--- EXERCISE DESCRIPTION ---
Starting with the line that has "Wow, check out" and finishing with the line that has "Aluminium sleutelhanger met", set down each line below exactly. Pictures are not copied.

--- DATA SUPPLIED ---
┏━━

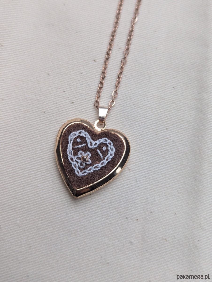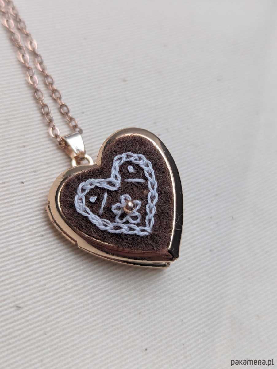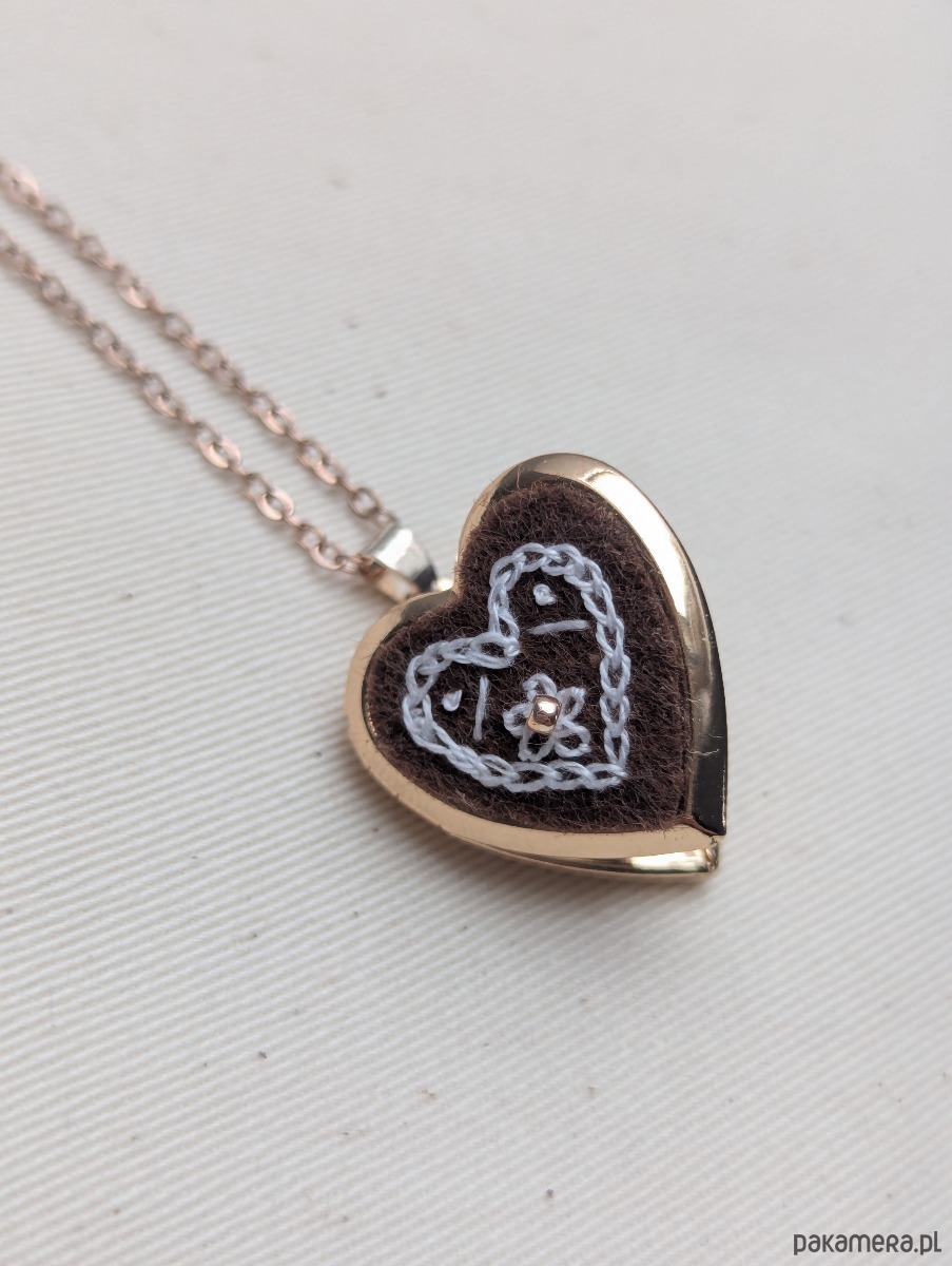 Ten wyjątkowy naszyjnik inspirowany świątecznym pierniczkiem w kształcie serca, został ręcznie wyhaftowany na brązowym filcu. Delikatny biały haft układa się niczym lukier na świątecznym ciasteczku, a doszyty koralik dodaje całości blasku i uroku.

┗━━
┏━━

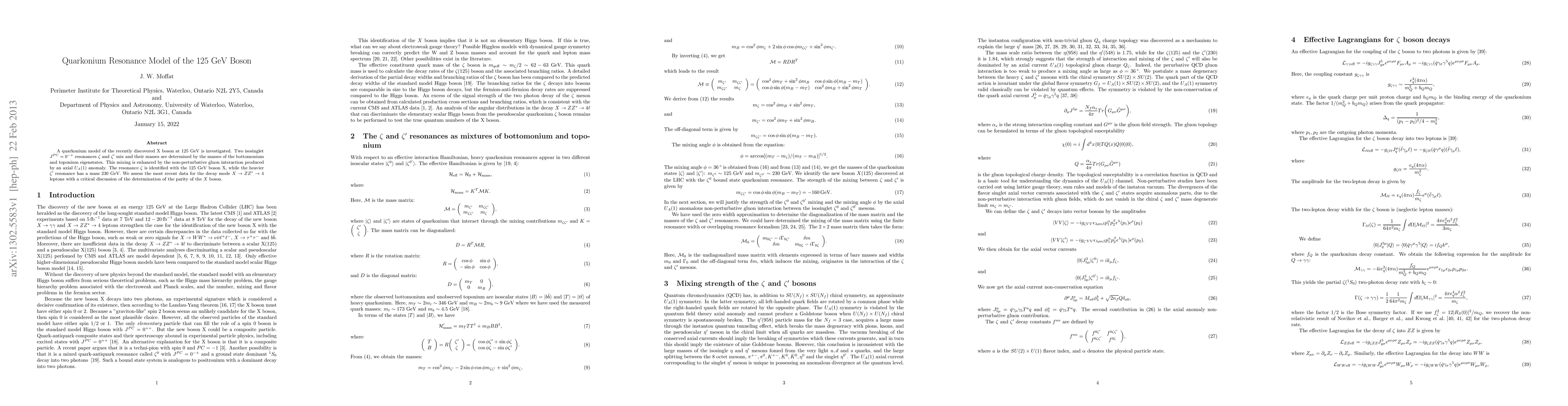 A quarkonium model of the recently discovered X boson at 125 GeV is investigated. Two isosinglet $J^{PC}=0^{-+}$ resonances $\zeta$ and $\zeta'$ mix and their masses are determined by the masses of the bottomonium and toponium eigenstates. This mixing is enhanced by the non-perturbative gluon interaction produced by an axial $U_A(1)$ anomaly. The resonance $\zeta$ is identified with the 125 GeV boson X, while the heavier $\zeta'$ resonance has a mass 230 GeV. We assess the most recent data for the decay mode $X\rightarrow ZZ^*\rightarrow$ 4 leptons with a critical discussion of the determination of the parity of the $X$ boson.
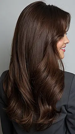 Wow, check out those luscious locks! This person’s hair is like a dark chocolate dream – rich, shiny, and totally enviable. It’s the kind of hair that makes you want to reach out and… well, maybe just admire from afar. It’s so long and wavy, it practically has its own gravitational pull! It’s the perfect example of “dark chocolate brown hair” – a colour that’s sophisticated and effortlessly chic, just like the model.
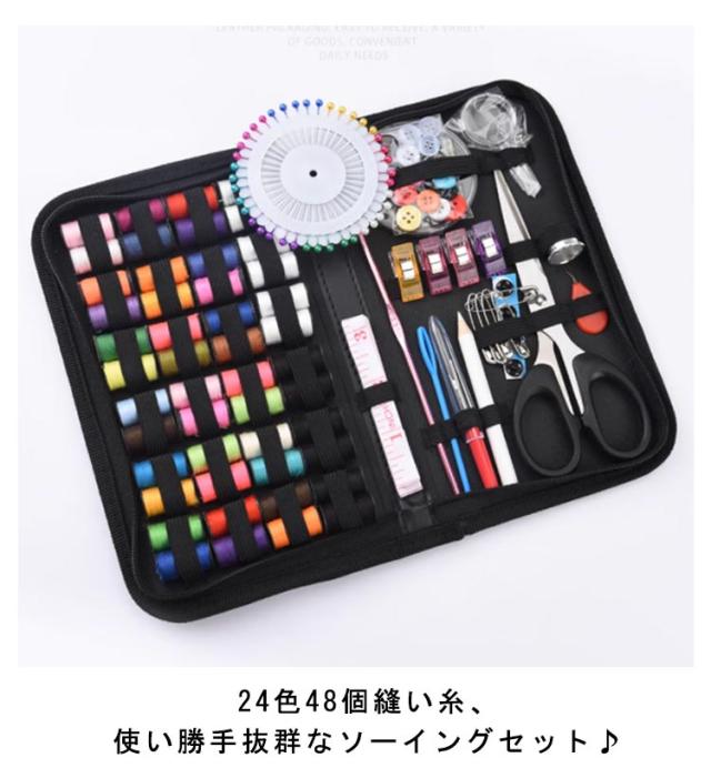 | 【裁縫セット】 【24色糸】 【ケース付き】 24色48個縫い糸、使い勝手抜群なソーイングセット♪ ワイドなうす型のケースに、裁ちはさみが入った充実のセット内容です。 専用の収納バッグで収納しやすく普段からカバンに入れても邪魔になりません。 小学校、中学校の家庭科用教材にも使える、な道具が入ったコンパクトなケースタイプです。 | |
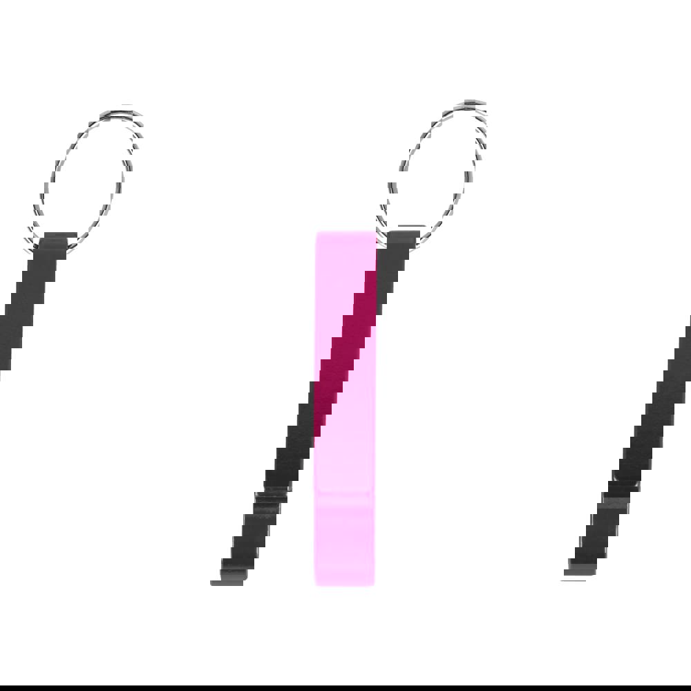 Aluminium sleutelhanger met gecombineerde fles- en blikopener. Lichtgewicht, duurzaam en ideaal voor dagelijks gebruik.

┗━━

--- ANSWER TO THE EXERCISE ---
 Wow, check out those luscious locks! This person’s hair is like a dark chocolate dream – rich, shiny, and totally enviable. It’s the kind of hair that makes you want to reach out and… well, maybe just admire from afar. It’s so long and wavy, it practically has its own gravitational pull! It’s the perfect example of “dark chocolate brown hair” – a colour that’s sophisticated and effortlessly chic, just like the model.
 | 【裁縫セット】 【24色糸】 【ケース付き】 24色48個縫い糸、使い勝手抜群なソーイングセット♪ ワイドなうす型のケースに、裁ちはさみが入った充実のセット内容です。 専用の収納バッグで収納しやすく普段からカバンに入れても邪魔になりません。 小学校、中学校の家庭科用教材にも使える、な道具が入ったコンパクトなケースタイプです。 | |
 Aluminium sleutelhanger met gecombineerde fles- en blikopener. Lichtgewicht, duurzaam en ideaal voor dagelijks gebruik.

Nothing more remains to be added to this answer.